The fourth-longest-serving justice and the last of the moderate Republicans, appointed in 1975 by President Gerald Ford, Stevens will be remembered most for his defense of civil liberties in wartime when the temptation is to allow fear and expediency to prevail and to dismiss the niceties of the law and the U.S. Constitution.
Stevens will go down in history for his staunch defense of “habeas corpus,” the notion that any time a person is detained, the government must produce the prisoner in person and state why he or she is being detained. This has been a bulwark against arbitrary power since the Magna Carta in 1215.
During the presidency of George W. Bush, in the aftermath of the 9/11 attacks on the United States, that long-standing doctrine came under threat with indefinite detentions at Guantánamo Bay, a legal netherland where neither the U.S. Constitution nor any law applied.
Stevens drew upon his World War II experience, where he had earned a Bronze Star, to challenge the Bush practice. As a clerk for Supreme Court Justice Wiley B. Rutledge after the war, Stevens had written key memos in a 1948 case on the wartime detention of 120 German-born U.S. residents, who were being held at Ellis Island even after the war.
Did they have the right to challenge their detention in a U.S. court? Stevens wrote to Justice Rutledge, “I should think that even an alien enemy ought to be entitled to a fair hearing on the question whether he is in fact dangerous.”

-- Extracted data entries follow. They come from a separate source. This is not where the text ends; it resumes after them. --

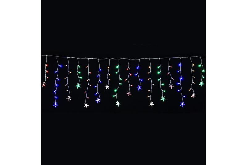 Гирлянда-бахрома с яркими разноцветыми светодиодами - оригинальная конструкция, представляющая собой 18 свисающих нитей с прозрачными насадками-звездочками на концах. Данная декорация обеспечивает оформление вертикальных элементов интерьера, особенно удачно она смотрится на окнах и витринах.
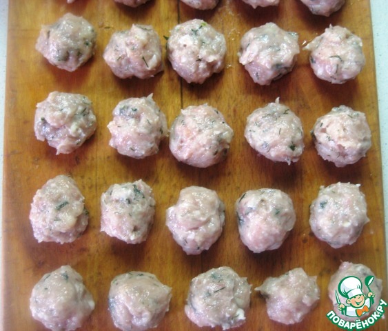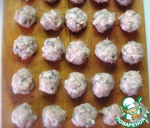 Сформировать из фарша небольшие фрикадельки (у меня получилось 25 шт.) и убрать их в холодильник.
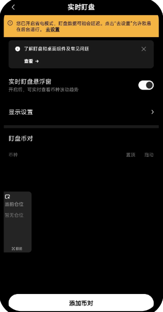 2、点击【添加币对】,选择您要盯盘的币种【保存】—打开【实时盯盘悬浮窗】按钮;
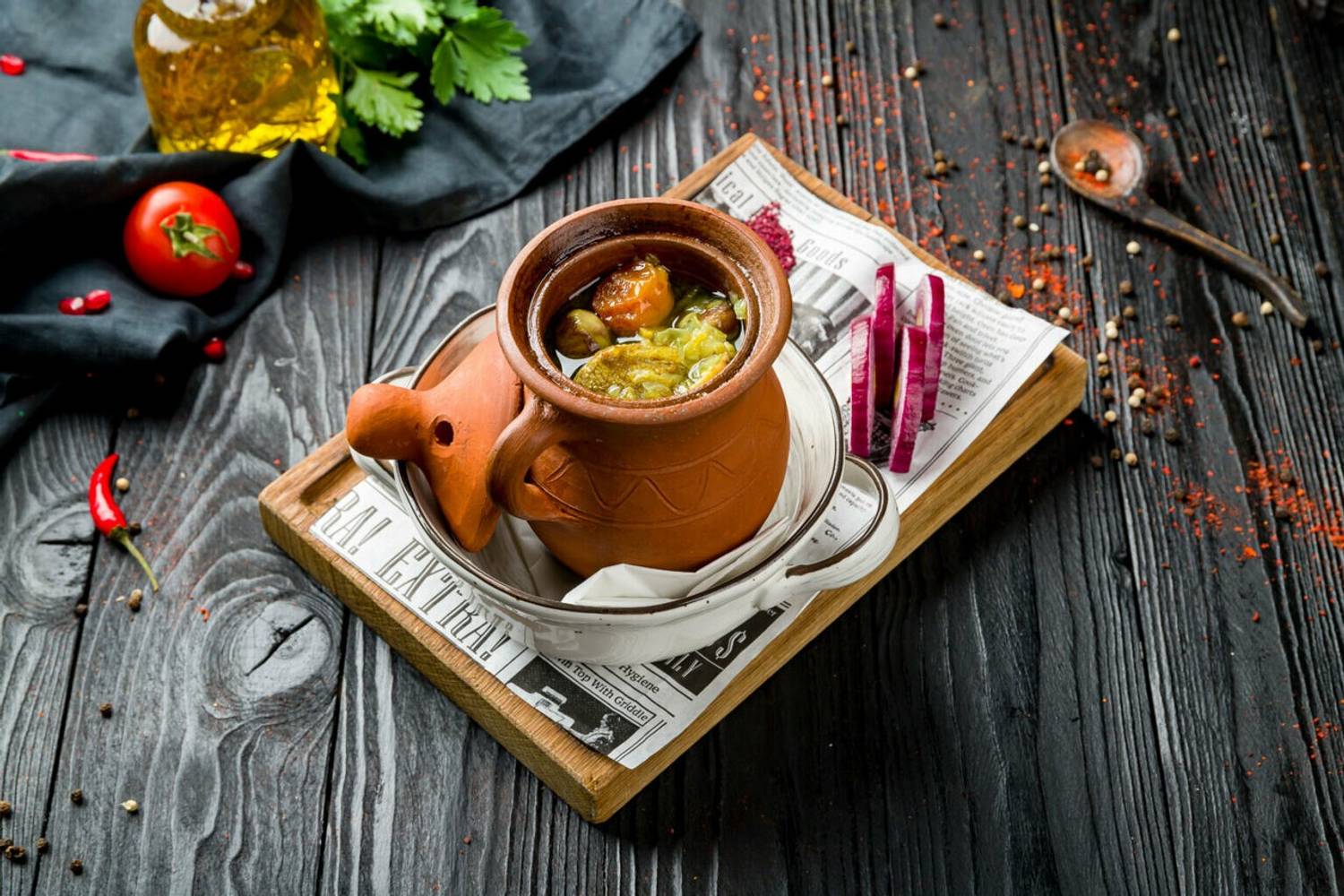 Еда и напитки. В меню — классические блюда кавказской кухни: салат по-деревенски, жюльен с креветками, буглама с бараниной, овощная долма, жаркое из свинины, хинкали по-грузински, курица в соусе терияки. Здесь готовят шашлык не только из мяса, но и грибов, баклажанов, семги. На десерт приносят бакинскую пахлаву и шоколадный чизкейк.
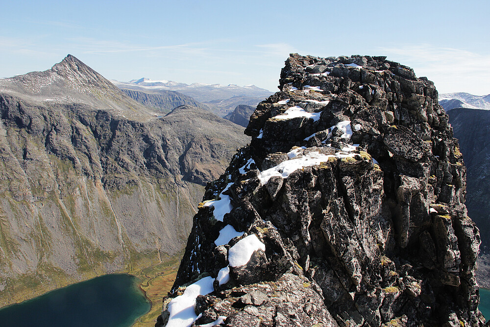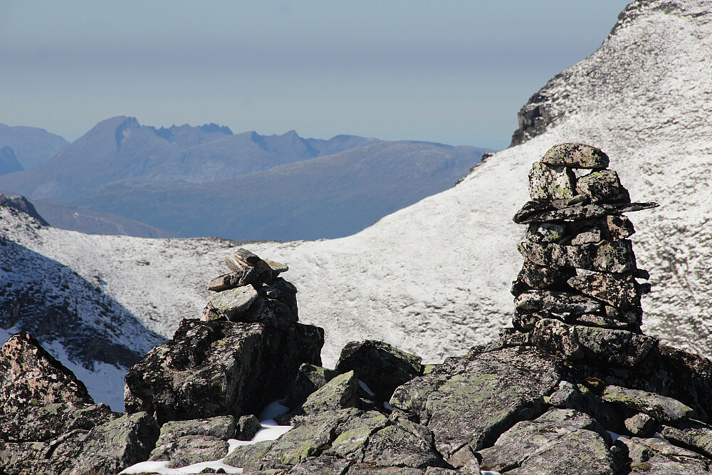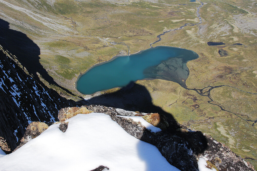 Fortsatt nysnø igjen på fortoppen. Litlevatnet under.
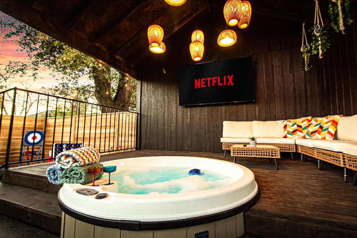 Բարի գալուստ The Cozy Cactus՝ յուրահատուկ դիզայներական տուն, որն ունի մասնավոր հետնաբակի օազիս՝ ջակուզիով, 85 դյույմանոց հեռուստացույցով, մինի գոլֆով, խաղերով, մանղալով և այլն։ Նախատեսված է որպես կատարյալ հանգստի վայր զույգերի, միայնակ ճանապարհորդողների և փոքր խմբերի համար։ Այս տան մասին ավելի շատ առանձնահատկություններ՝ ✓ Երկտեղանի մահճակալներ (150–179 սմ և 180–220 սմ)՝ շքեղ սպիտակեղենով ✓ Անվճար նախուտեստներ, սուրճ և թեյ ✓ Մաքրվել և մանրէազերծվել է մասնագետների կողմից ✓ Լիովին կահավորված խոհանոց ✓ Գտնվում է Հյուստոնի կենտրոնական մասի մոտակայքում
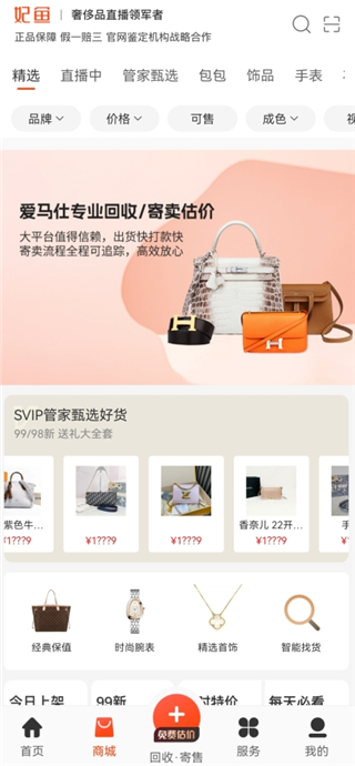 1、1000+直播 50位专业买手主播精心推荐,每月千余场直播,提供边看边买的购物体验; 2、1000+上新 每天1000+件商品上新,汇集LV、Chanel、GUCCI、卡地亚等品牌超低折扣; 3、100%真品 中检战略合作伙伴,每件商品均经中检认证鉴定师三重鉴定,真品保证; 4、极速售卖 90%的商品在15天内极速售出,科学的定价保证商品的售出速度和卖家收益。更新日志

A half-century later, Stevens wrote the key decisions rejecting Bush administration practices in the detention of prisoners at Guantánamo Bay. In Rasul v. Bush (2004), Stevens wrote that the detainees did have the right to challenge their detention in American courts (a 6-3 decision). In Hamdan v. Rumsfeld (2006), Stevens wrote on the issue of military tribunals that “the Executive is bound to comply with the Rule of Law.”
Stevens believed, courageously during wartime, that liberty and security can be reconciled. He stood for the principle that fair process, even in wartime, is no threat to the United States.
Still spry as he approaches 90, Stevens may be around for a long time to continue defending that enduring principle.